The sheet 12 is wound around the core 11 by a plurality of turns, for example, two or more turns. The roll body 10 may or may not include at least one of the first exposure suppressing member 18 and the second exposure suppressing member 19. Further, the roll body 10 includes a pair of first exposure suppressing members 18, but when the first exposure suppressing member 18 is provided, it suffices to include at least one first exposure suppressing member 18. The roll body 10 includes a pair of second exposure suppressing members 19, but when the second exposure suppressing member 19 is provided, it suffices to include at least one second exposure suppressing member 19.

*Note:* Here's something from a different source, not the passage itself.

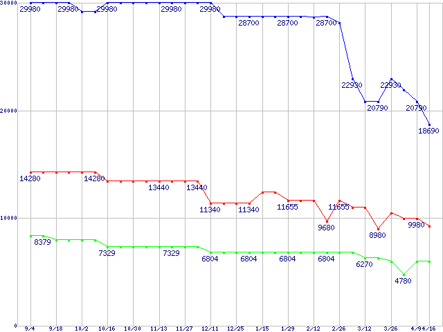 PC2700(DDR333) DDR SDRAM DIMMの最安値推移

Further, as shown in FIG. 3, the roll body 10 is connected to the first filling portion 14 and has a first intervening portion 20 interposed between the sheet 12 on the first lap and the sheet 12 on the second lap. Further prepared. The roll body 10 includes the first intervening portion 20 as shown in FIG. 3, but does not have to include the first intervening portion as in the roll body 30 shown in FIG.

<< Core >>
The shape of the winding core 11 is not particularly limited, but is preferably cylindrical or cylindrical from the viewpoint that the sheet 12 can be easily wound. The winding core 11 shown in FIG. 1 has a cylindrical shape. When the winding core is cylindrical, the roll body 10 can be held by inserting the chuck member of the winding device into the hole 11B of the width direction DR1 of the winding core 11. The chuck member is a member for rotatably fixing and holding the roll body 10 with respect to the winding device by being inserted into the hole 11B of the winding core 11. When the winding core is columnar, the winding core includes a shaft member penetrating the winding core, and by attaching the shaft member to the winding device, the roll body can be held by the winding device.

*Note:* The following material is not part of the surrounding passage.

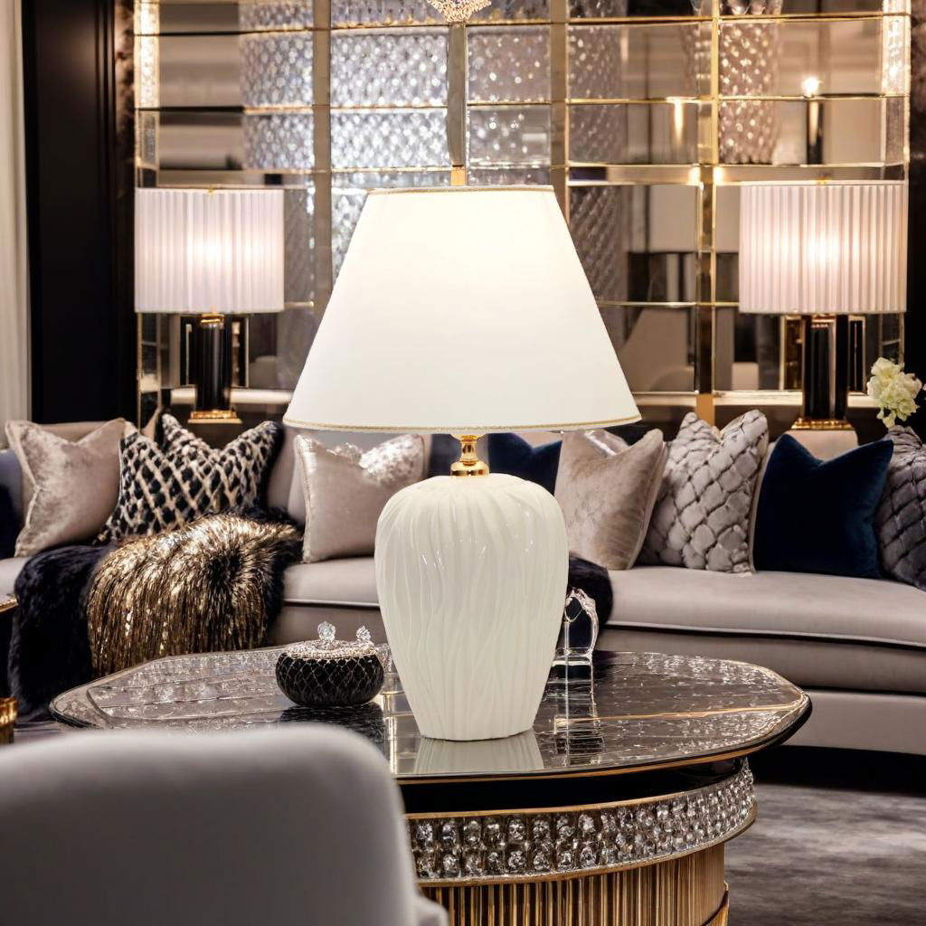 Luxuriöse Tischleuchte in feinem Weiß und Gold

The width W1 of the winding core 11 (see FIG. 2) is not particularly limited, but may be, for example, 0.1 m or more and 50 m or less. The lower limit of the width W1 of the winding core 11 may be 0.2 m or more, 0.3 m or more, 0.7 m or more, 1.0 m or more, 1.5 m or more, or 2 m or more, and the upper limit is 30 m or less. It may be 20 m or less, 10 m or less, 7 m or less, 5 m or less, 3.5 m or less, 3 m or less, or 2.5 m or less. The width of the winding core can be obtained by measuring the width of the winding core at 10 points and obtaining the arithmetic mean value of the widths of 8 points excluding the maximum value and the minimum value among the measured widths of the 10 points.

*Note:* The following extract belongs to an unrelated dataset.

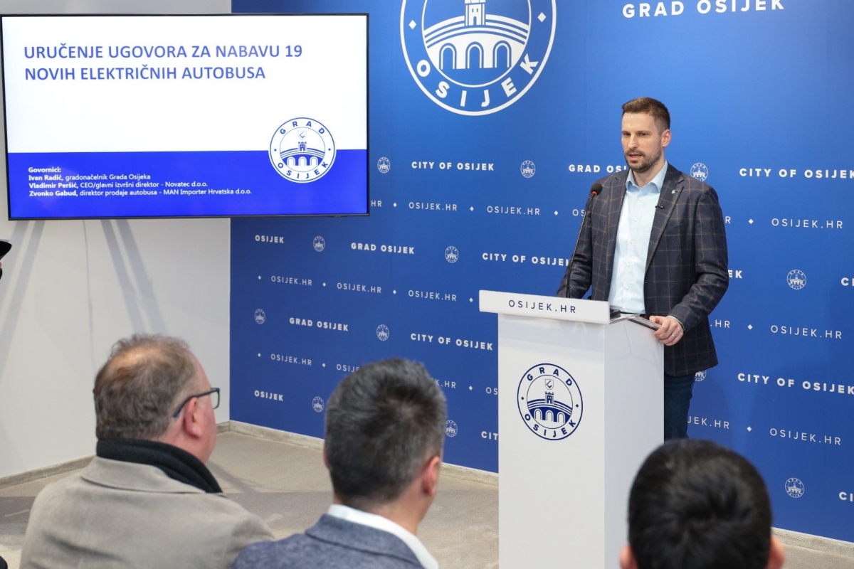 Gradonačelnik Osijeka Ivan Radić uručio je u ponedjeljak ugovore tvrtkama Novatec i MAN, odabranima u postupku javne nabave za nabavu 19 novih električnih autobusa za potrebe Gradskog prijevoza putnika (GPP) Osijek. Riječ je o prvim električnim autobusima u povijesti osječkoga javnog prijevoza, a cijeli projekt, vrijedan 16 milijuna eura, u potpunosti se financira iz Nacionalnog plana oporavka i otpornosti.

The outer diameter of the winding core 11 is not particularly limited, but may be, for example, 30 mm or more and 8000 mm or less. The lower limit of the outer diameter of the winding core 11 may be 90 mm or more or 100 mm or more, and the upper limit is 5000 mm or less, 3500 mm or less, 2000 mm or less, 1000 mm or less, 700 mm or less, 500 mm or less, 350 mm or less, or 300 mm or less. There may be. The outer diameter of the winding core is obtained by measuring the outer diameter of the winding core at 10 points and calculating the arithmetic mean value of the outer diameters of 8 points excluding the maximum value and the minimum value among the measured outer diameters of the 10 points. be able to.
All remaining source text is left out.